> **EXERCISE DESCRIPTION**: Each line from the one holding "Во второй половине" to the last line below must be restated word for word, and no picture may be included.

[Source data]
******************************
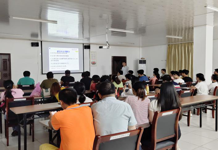 品质部在为员工进行品质管控培训 员工在接受安全生产培训 在生产规模方面,公司不仅没有缩减部门反而对各部生产部门分别加增加机台扩大产能: 冲压部5月下旬新导入三台冲压机并已迅速投入生产中,冲压部今年不断增加机台扩充产能现有车间已不够用,原废料仓已让步为冲压部腾出新机台的生产空间。 新成立的注塑部三车间(以生产RGB产品为主,又称RGB车间)已于5月下旬完成装修,8台新机全部导入到位,6月初已调试好三台新机并投入生产。
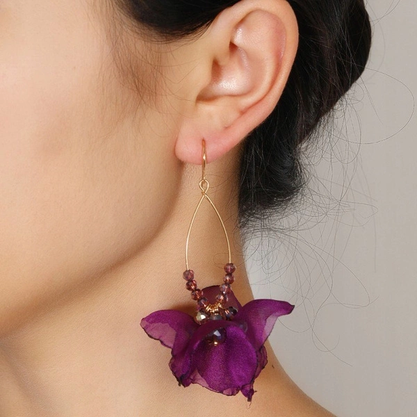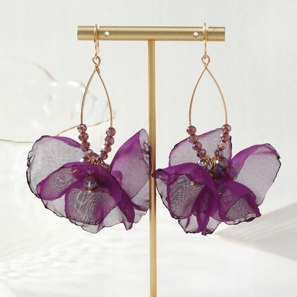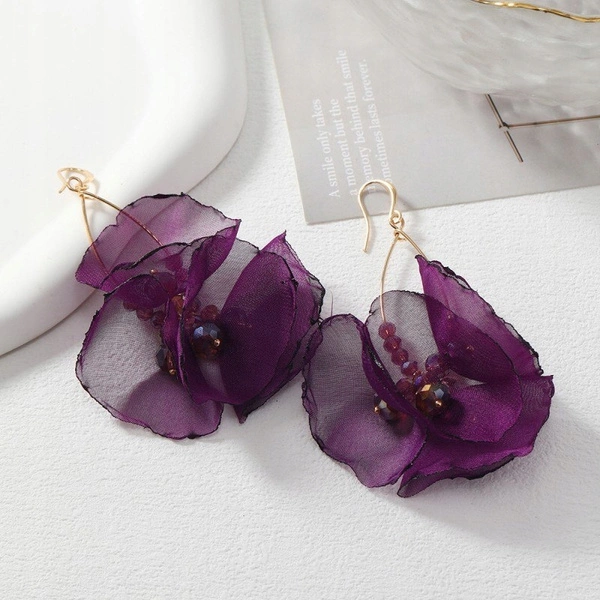 - Kolczyki wiszące, efektowne tiulowe kwiat. Będą stanowić piękne uzupełnienie eleganckiej kreacji jak i codziennego stroju. Biżuteria antyalergiczna, nie zawiera niklu ani chromu. Rodzaj zapięcia: bigiel. Wymiary: 8x 5cm
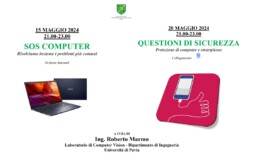 Due appuntamenti con l’ing. Roberto Marmo: il primo (15 maggio, ore 21 – in presenza) per risolvere i problemi più comuni con il computer; il secondo (20 maggio, ore 21 – on line) per proteggere i propri dispositivi, dal personal computer allo smartphone.
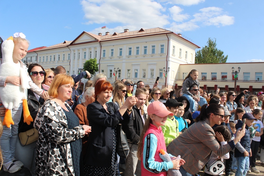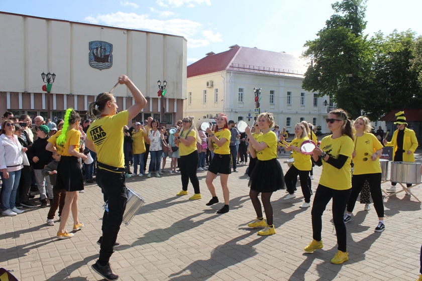Во второй половине дня площадь Свободы превратилась в огромный спортзал. Здесь в День города свое мастерство демонстрировали белорусские силачи и спортсмены, а еще сюда заглянули и барабанщики в ярко желтых футболках – шоу Baraband.
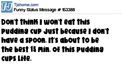 X says Don't think I won't eat this pudding cup just because I don't have a spoon. It's about to be the best 15 min. of this pudding cups life.
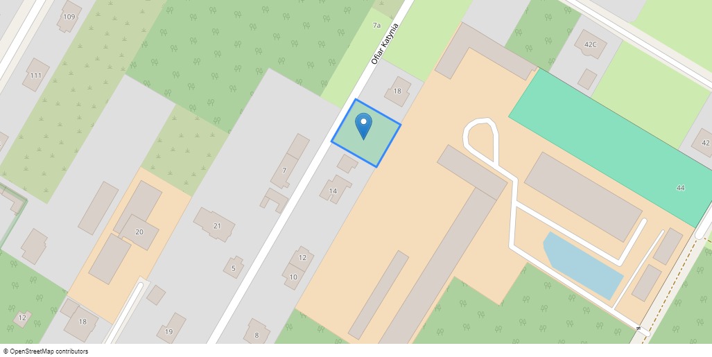 Nieruchomość gruntowa ma kształt regularny, kwadratowy, jest nieuzbrojona, ogrodzona ogrodzeniem z siatki stalowej. Bezpośrednie usytuowanie przy ulicy Ofiar Katynia (droga wewnętrzna, dwukierunkowa, nieutwardzona).
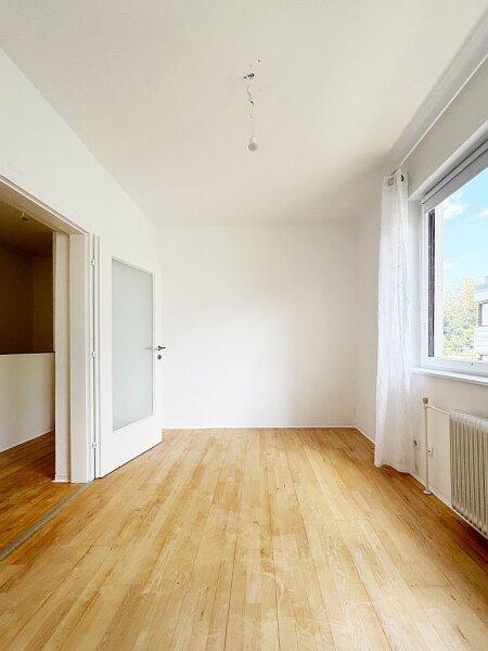 Der Zugang zur Maisonette Wohnung erfolgt über das helle Stiegenhaus mit Atrium im Erdgeschoss des Hauses. Sie verfügt über etwa 78m² Wohnfläche. Im Jänner 2025 wurde die gesamte Wohnung weiss ausgemalt und alle Fenster und Türen gestrichen. Die Fenster wurden vor ein paar Jahren professionell abgedichtet, lassen viel Sonne und Licht hinein und erlauben eine wunderbare Aussicht in den Garten.
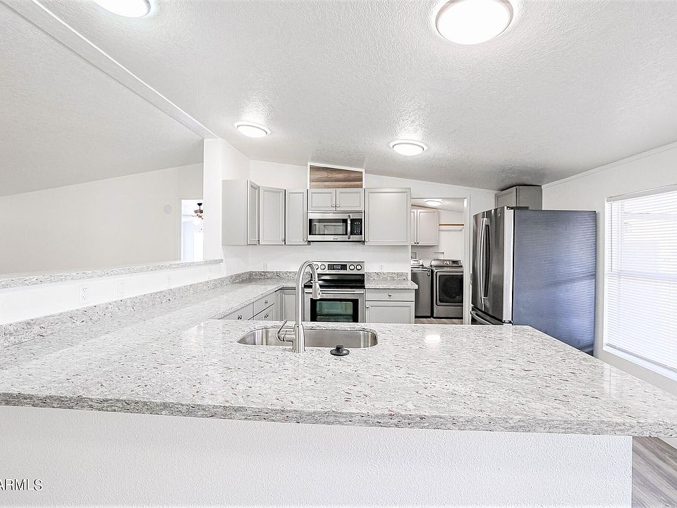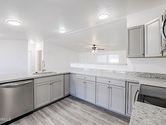 This stunning remodeled home is truly a secret gem tucked away in Peoria. Featuring a spacious, open and airy split floor plan with gorgeous sprawling granite counters and stainless steel appliances. Each bedroom has its own walk-in closet. Beautiful bathroom vanities and brand new plank flooring throughout PLUS a huge BONUS room and a HUGE storage room. This home also has a newer roof, and comes with a washer and dryer set. Don't miss this home!
******************************
> **EXERCISE ANSWER**:
Во второй половине дня площадь Свободы превратилась в огромный спортзал. Здесь в День города свое мастерство демонстрировали белорусские силачи и спортсмены, а еще сюда заглянули и барабанщики в ярко желтых футболках – шоу Baraband.
 X says Don't think I won't eat this pudding cup just because I don't have a spoon. It's about to be the best 15 min. of this pudding cups life.
 Nieruchomość gruntowa ma kształt regularny, kwadratowy, jest nieuzbrojona, ogrodzona ogrodzeniem z siatki stalowej. Bezpośrednie usytuowanie przy ulicy Ofiar Katynia (droga wewnętrzna, dwukierunkowa, nieutwardzona).
 Der Zugang zur Maisonette Wohnung erfolgt über das helle Stiegenhaus mit Atrium im Erdgeschoss des Hauses. Sie verfügt über etwa 78m² Wohnfläche. Im Jänner 2025 wurde die gesamte Wohnung weiss ausgemalt und alle Fenster und Türen gestrichen. Die Fenster wurden vor ein paar Jahren professionell abgedichtet, lassen viel Sonne und Licht hinein und erlauben eine wunderbare Aussicht in den Garten.
 This stunning remodeled home is truly a secret gem tucked away in Peoria. Featuring a spacious, open and airy split floor plan with gorgeous sprawling granite counters and stainless steel appliances. Each bedroom has its own walk-in closet. Beautiful bathroom vanities and brand new plank flooring throughout PLUS a huge BONUS room and a HUGE storage room. This home also has a newer roof, and comes with a washer and dryer set. Don't miss this home!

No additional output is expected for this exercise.